Others may disagree but I look at workbenches a little from a physics stand point. For every action there is an opposite and equal reaction. That means if I'm chiseling on a bench that has any give or spring I'm going to feel that feedback. The base of a workbench is just as important as its top to me. I want all of the forces I apply to the top to be absorbed as much as possible. A strong base with a beefy connection to the top will assist in distributing forces applied.

As far as copying goes I don't think its an issue. Like you said you aren't selling this.


----------



## Sylvain (Jul 23, 2011)

Mosquito has made such a workbench
Start here
Quite interesting to follow.

As for "chiseling on a bench that has any give or spring" , it is recommended to chisel just atop a feet.
Look for Paul Sellers video "bad vibrations"

Nordic countries workbench have skinny bases, it doesn't seem to give them problems.
Some food for thinking

I don't think the Maguire's design has anything which was not done before, except, maybe, the board which allow closing the tool well.


----------



## BlasterStumps (Mar 13, 2017)

Sylvain writes: "I don't think the Maguire's design has anything which was not done before, except, maybe, the board which allow closing the tool well."

I really like the tool well with the removable bottoms that also can be made to close up the top. 
If I remake my bench, I will definitely build that feature again.

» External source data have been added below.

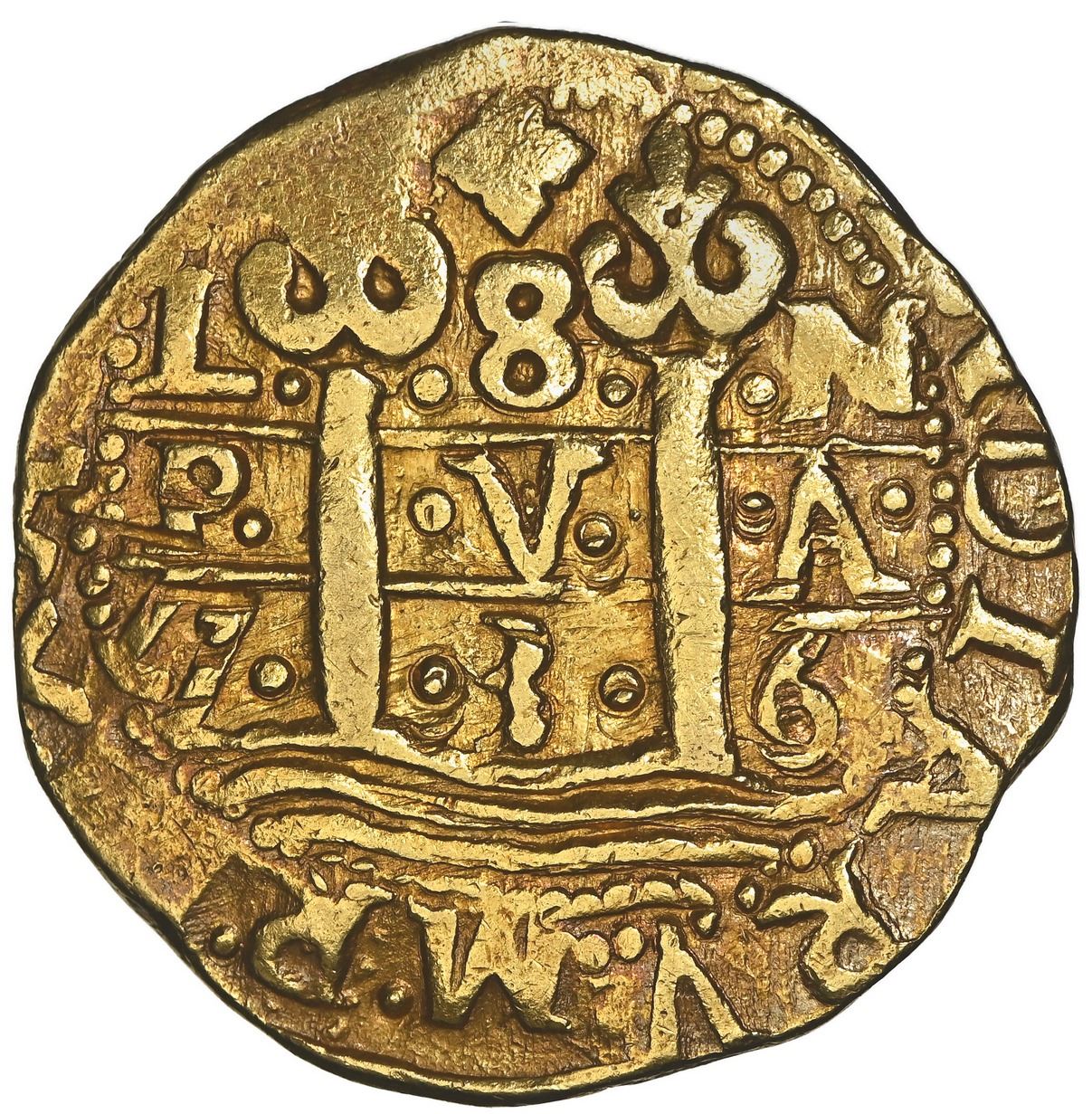 Lima, Peru, gold cob 8 escudos, 1736 N, NGC AU details / mount removed.
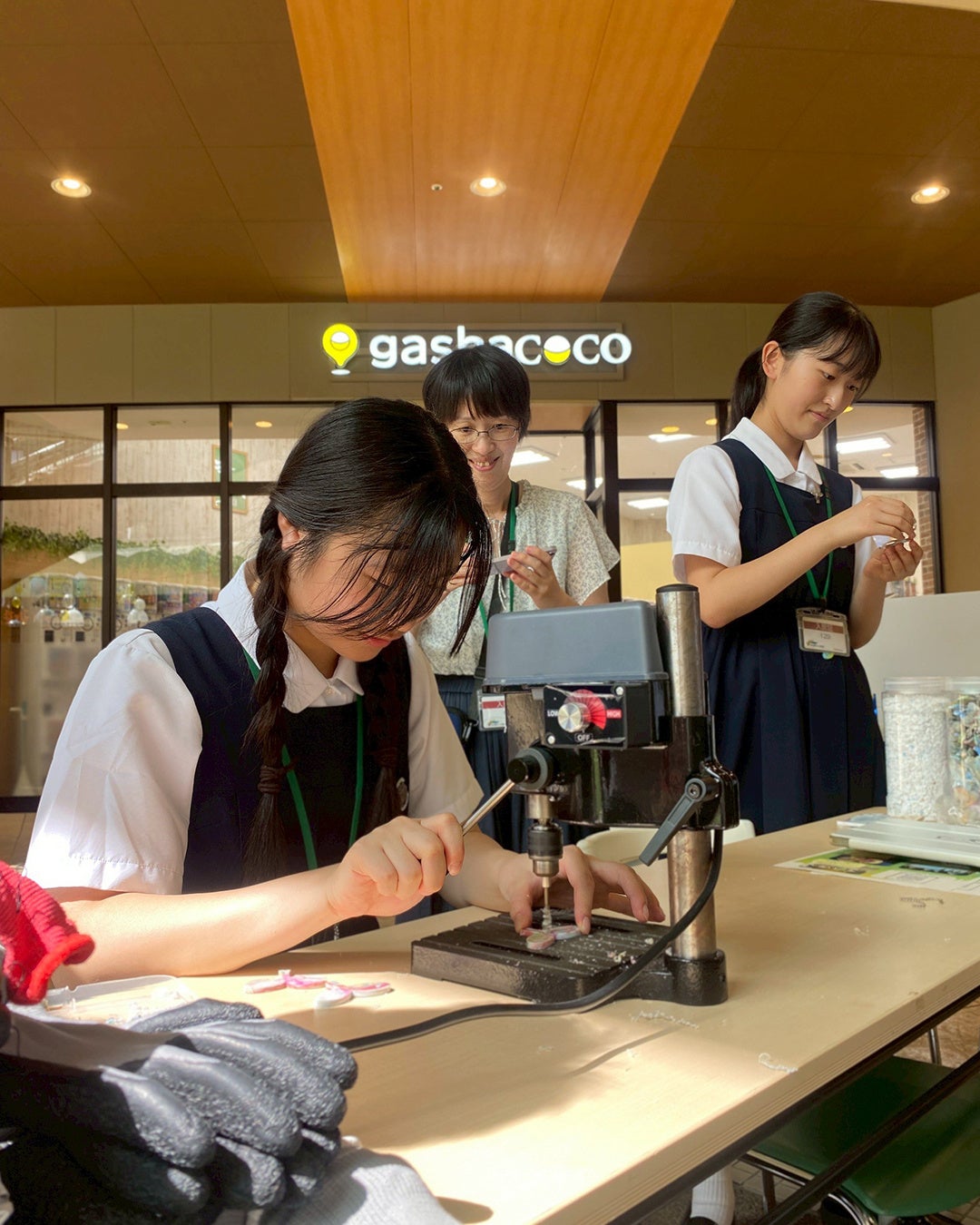 本ワークショップでは、雙葉高校の生徒たちが地域から集めたペットボトルキャップを、自らデザインした金型を用いて“Futabaのキーホルダー”へとアップサイクル。廃プラスチックが世界にひとつだけのアイテムに生まれ変わり、約100名の参加者(学校関係者や来場者の親子連れなど)が体験を楽しみました。
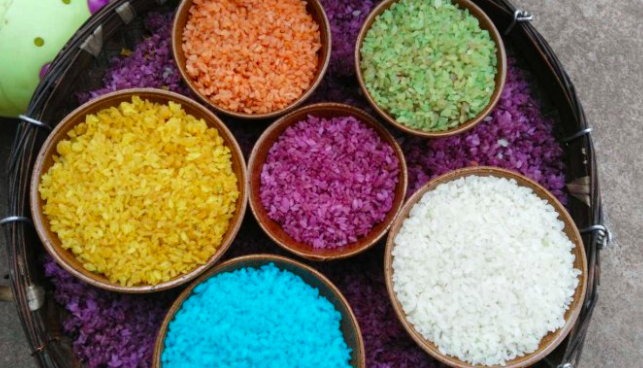 米饭常捏成饭团,便于携带,食之口味又别具一格。彩色糯米饭也捏成饭团,不同颜色的饭团陈列在一起,鲜艳夺目。彩色饭的色彩原料,不仅起到着色的作用,也起到调味的作用,不同的色饭有不同的香味。米饭经着色处理后,不易馊、不易坏,米饭着色起到了防腐、保鲜的作用。
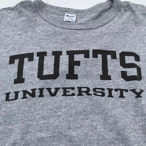 80's Champion チャンピオン Tシャツ 染み込みプリント 霜降り グレー TUFTS UNIVERSITY USA製 LARGE 美品 希少 ヴィンテージ
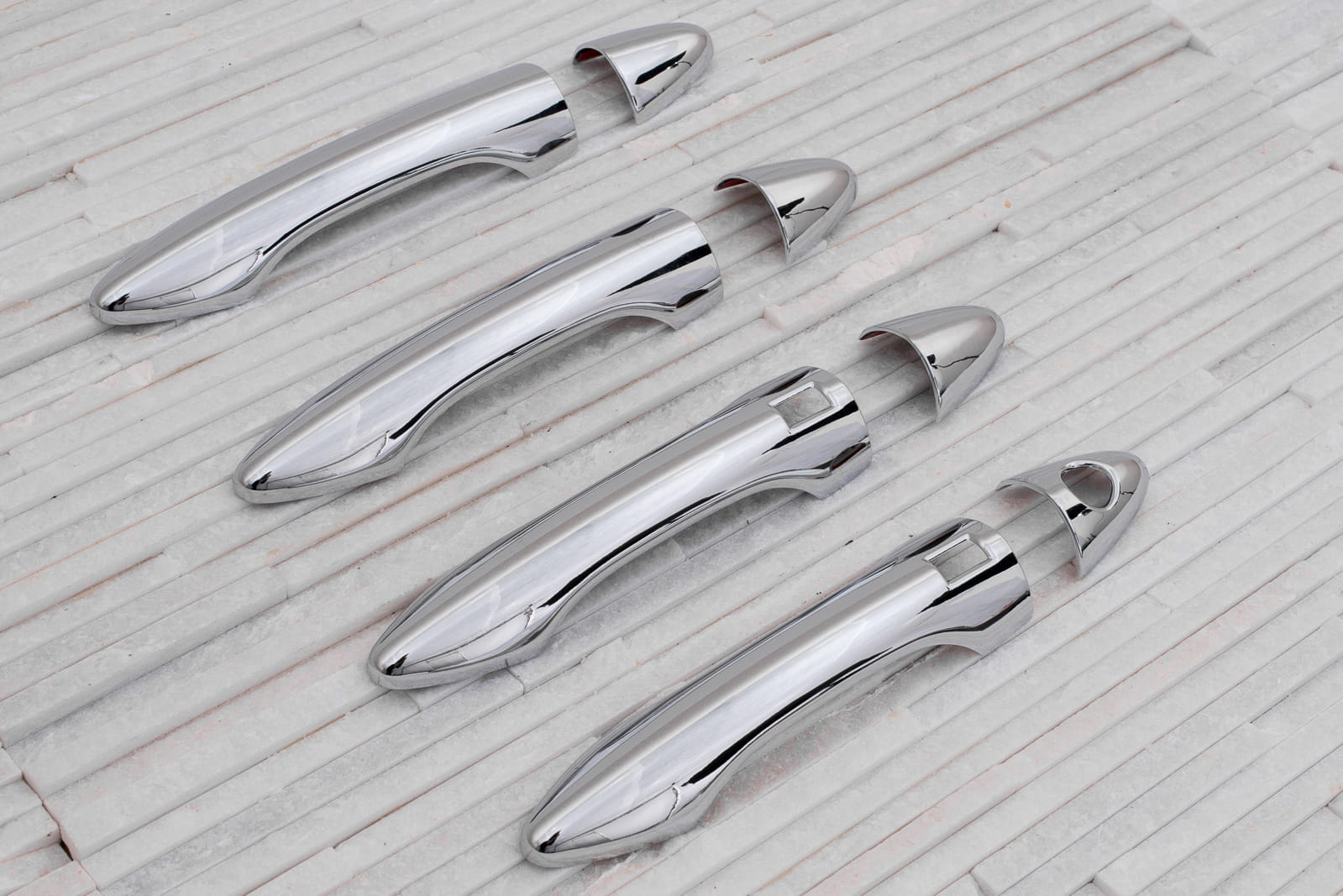 | Chromowane nakładki na klamki zaprojektowane dla HYUNDAI iX35 2010-2015 (wersja z sensorem). Dekoracyjne, chromowane nakładki na klamki to dodatek, który uzupełnia stylizację samochodu nutą sportowej elegancji. Idealnie dopasowane do linii samochodu, podkreślają charakterystyczny kształt klamek modelu iX35, czyniąc z nich prawdziwą ozdobę samochodu. Produkt wykonany z wysokiej jakości chromowanego tworzywa ABS. Zestaw zawiera komplet czterech nakładek na klamki, posiadają otwór pod sensor. Montowane są za pomocą taśmy dwustronnie klejącej Scotch 3M, zaaplikowanej na wewnętrznej stronie elementów. Nakłada się je na powierzchnię odtłuszczoną przy pomocy benzyny ekstrakcyjnej lub spirytusu, w temperaturach dodatnich od 18 st.C. Zalecamy montaż profesjonalny. Produkt fabrycznie nowy, oryginalnie zapakowany. Zachęcamy do zakupów! |
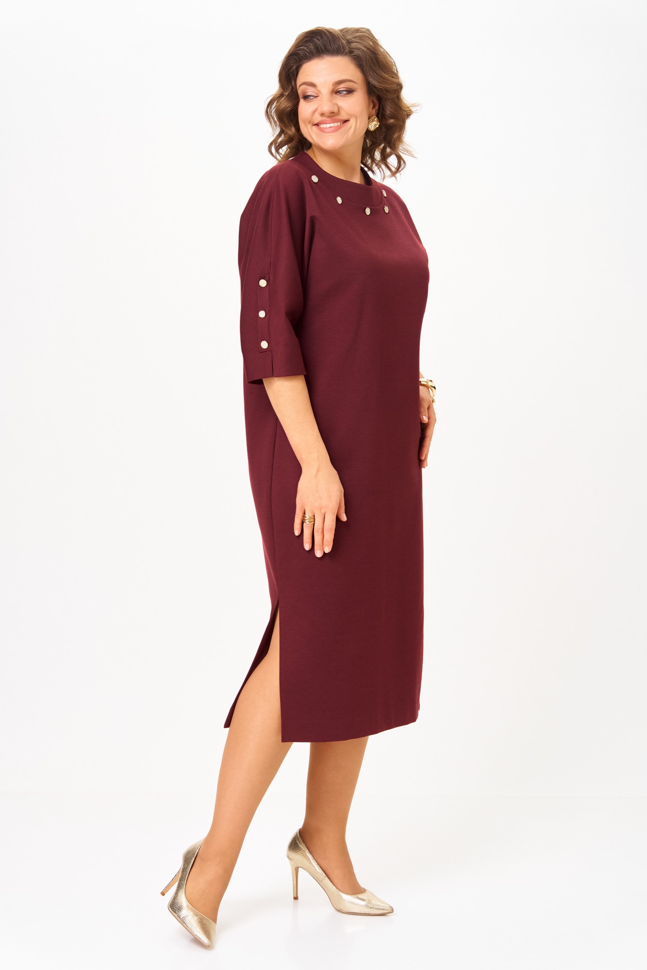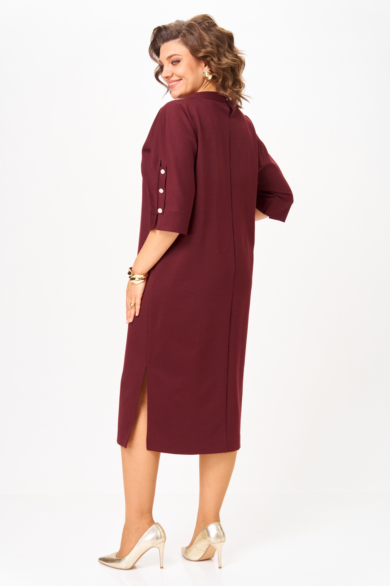 Платье полуприлегающего силуэта из трикотажного полотна с цельнокроеным рукавом длиной три четверти. В верхнем шве рукава обработана декоративная планка с пуговицами и разрез по низу. Горловина широкая с воротником-стойка. Со стороны спинки в воротнике обработана застежка с навесными петлями и пуговцами. Вдоль шва горловины расположены декоративные пуговицы. В боковых швах обработаны разрезы. Платье с декоративным поясом из основной ткани и шлевками в боковых швах. Платье без подкладки.
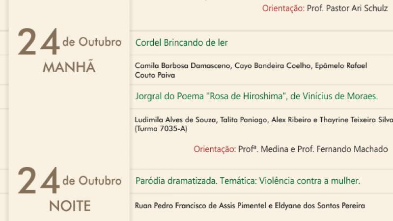 Acontece nos dias 23, 24 e 25 de Outubro, nos intervalos das aulas pela manhã e noite. No Hall do CEULP.
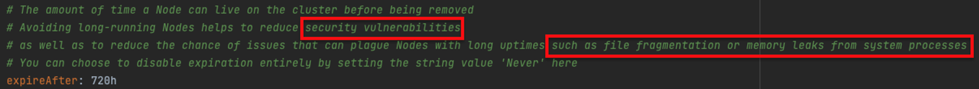 expireAfter ์ด 720h ๋ก ์ ์๋์ด ์๋๋ฐ, ๊ทธ ๋ง์ ์ฆ์จ, 30 ์ผ ๋ค์ ํด๋น ๋ ธ๋๋ฅผ ์ข ๋ฃํ๊ณ ์๋กญ๊ฒ ๋์ด๋ค๋ ์ต์ ์ ๋๋ค.
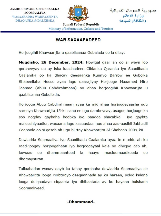 Khamiis, December 26, 2024 (HOL) - Dowladda Soomaaliya ayaa sheegtay inay kala qeyb qaadatay Saaxiibada Caalamka ee ka taageera Duqeymaha cirka ah howlgal gaar ah oo ka dhacay deegaanka Kuunyo Barrow ee Gobolka Shabeellaha Hoose laguna qaarajiyay Maxamed Mire Jaamac (Abuu Cabdiraxmaan) oo ahaa horjoogihii Al shabaab u qaabilsanaa Gobollada.

Easy to clean out the tool well.


----------



## SMP (Aug 29, 2018)

Geez if you want to see how Richard did his laminated tops, check out his latest blog post. He even admits it was over the top. As to that joint, hard to say. I can see the dowels in top, He may use T&G, half laps, housing joints etc or some combination of them, whatever he knows will be strongest and most rack resistent.


----------